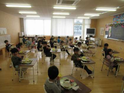温かい給食で心も身体もぽかぽかです。
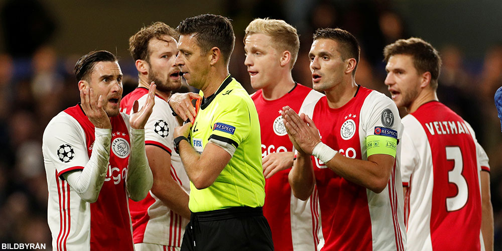 Ajax-spelarna undrar vad Gianluca Rocchi håller på med.
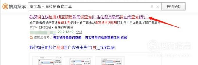 首先我们打开搜狗搜索引擎搜索“淘宝禁用词检测查询工具”后点击标题进入。
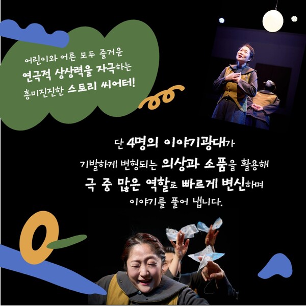 특히 이번 공연은 단 4명의 배우가 연기, 춤, 노래 등을 통해 빠르고 흥미진진한 역할 변화를 보여주는 것이 특징이다. 의상과 소품을 기발하게 활용하여 어린이뿐 아니라 성인 관객에게도 연극적 상상력과 재미를 선사한다.
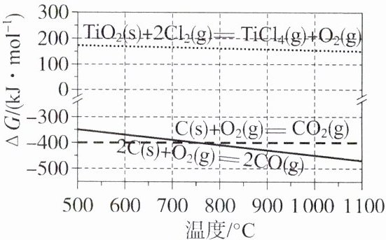 (1)由图可知,600℃时C(s)+O₂(g)⇌CO₂(g)的ΔG<0,反应自发进行,故A不符合题意;由图可知,600℃时2C(s)+O₂(g)⇌2CO(g)的ΔG<0,反应自发进行,故B不符合题意;由图可知,600℃时TiO₂(s)+2Cl₂(g)⇌TiCl₄(g)+O₂(g)的ΔG>0,反应不能自发进行,故C符合题意;根据盖斯定律,TiO₂(s)+C(s)+2Cl₂(g)⇌TiCl₄(g)+CO₂(g)可由C(s)+O₂(g)⇌CO₂(g)与TiO₂(s)+2Cl₂(g)⇌TiCl₄(g)+O₂(g)相加得到,再根据题给图像中的数据可得,600℃时其ΔG<0,反应自发进行,故D不符合题意。
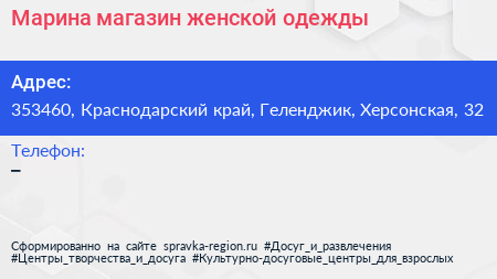 Марина, магазин женской одежды по адресу 353460, Краснодарский край, Геленджик, Херсонская, 32 в дальнейшем Организация, размещена в следующих категориях:
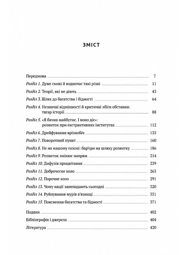 Ґрунтуючись на п’ятнадцятирічних дослідженнях у галузях історії, політології та економіки, автори легко і доступно пояснюють, чому економічний успіх держав не залежить від культури, клімату чи географічного положення.
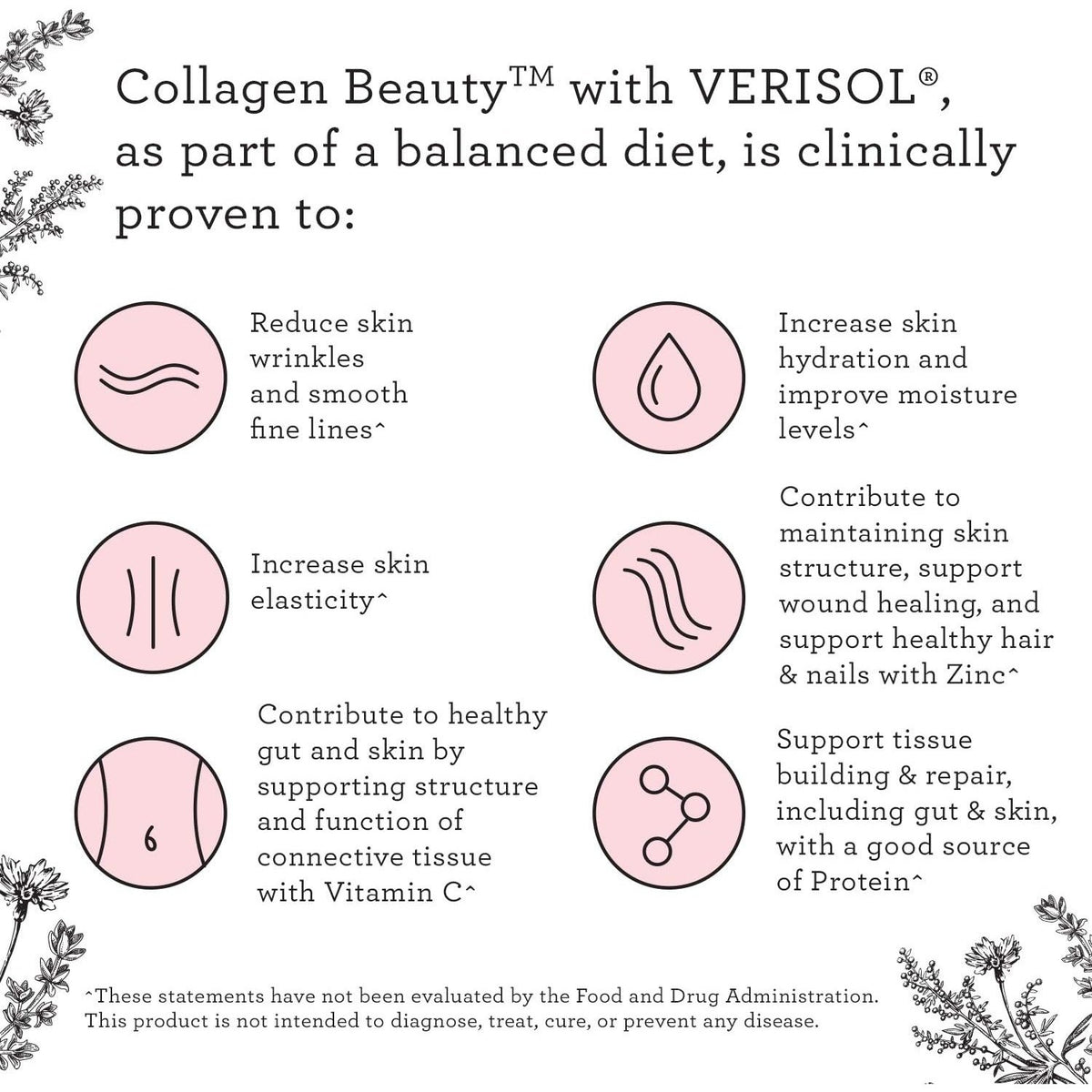 Collagen Beauty™ is a natural formulation with VERISOL® Bioactive Collagen Peptides to support structural integrity of skin and may decrease skin aging factors after 8 weeks of use, supporting skin quality of the entire body. Research has shown that consuming Collagen Beauty™ with VERISOL®, as part of a balanced diet, may:
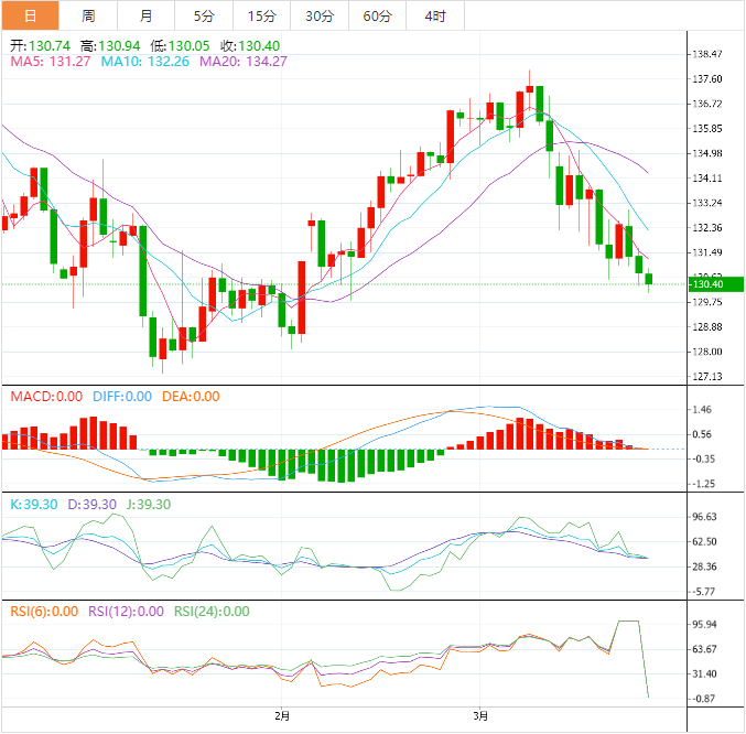 周五盘中,美元兑日元下跌至130.41,跌幅0.29%。
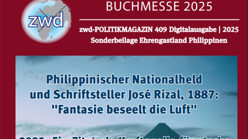 Das zwd-POLITIKMMAGAZIN 409 Digitalausgabe - Sonderbeilage zum Ehrengastland Philippinen der Frankfurter Buchmesse 2025 zum Download: Abonnent:innen können die Buchmessen-Beilage hier herunterladen.

■ TASK ■
Return the listing exactly as it appears, excluding any image.

■ OUTPUT FOR THIS EXERCISE ■
温かい給食で心も身体もぽかぽかです。
 Ajax-spelarna undrar vad Gianluca Rocchi håller på med.
 首先我们打开搜狗搜索引擎搜索“淘宝禁用词检测查询工具”后点击标题进入。
 특히 이번 공연은 단 4명의 배우가 연기, 춤, 노래 등을 통해 빠르고 흥미진진한 역할 변화를 보여주는 것이 특징이다. 의상과 소품을 기발하게 활용하여 어린이뿐 아니라 성인 관객에게도 연극적 상상력과 재미를 선사한다.
 (1)由图可知,600℃时C(s)+O₂(g)⇌CO₂(g)的ΔG<0,反应自发进行,故A不符合题意;由图可知,600℃时2C(s)+O₂(g)⇌2CO(g)的ΔG<0,反应自发进行,故B不符合题意;由图可知,600℃时TiO₂(s)+2Cl₂(g)⇌TiCl₄(g)+O₂(g)的ΔG>0,反应不能自发进行,故C符合题意;根据盖斯定律,TiO₂(s)+C(s)+2Cl₂(g)⇌TiCl₄(g)+CO₂(g)可由C(s)+O₂(g)⇌CO₂(g)与TiO₂(s)+2Cl₂(g)⇌TiCl₄(g)+O₂(g)相加得到,再根据题给图像中的数据可得,600℃时其ΔG<0,反应自发进行,故D不符合题意。
 Марина, магазин женской одежды по адресу 353460, Краснодарский край, Геленджик, Херсонская, 32 в дальнейшем Организация, размещена в следующих категориях:
 Ґрунтуючись на п’ятнадцятирічних дослідженнях у галузях історії, політології та економіки, автори легко і доступно пояснюють, чому економічний успіх держав не залежить від культури, клімату чи географічного положення.
 Collagen Beauty™ is a natural formulation with VERISOL® Bioactive Collagen Peptides to support structural integrity of skin and may decrease skin aging factors after 8 weeks of use, supporting skin quality of the entire body. Research has shown that consuming Collagen Beauty™ with VERISOL®, as part of a balanced diet, may:
 周五盘中,美元兑日元下跌至130.41,跌幅0.29%。
 Das zwd-POLITIKMMAGAZIN 409 Digitalausgabe - Sonderbeilage zum Ehrengastland Philippinen der Frankfurter Buchmesse 2025 zum Download: Abonnent:innen können die Buchmessen-Beilage hier herunterladen.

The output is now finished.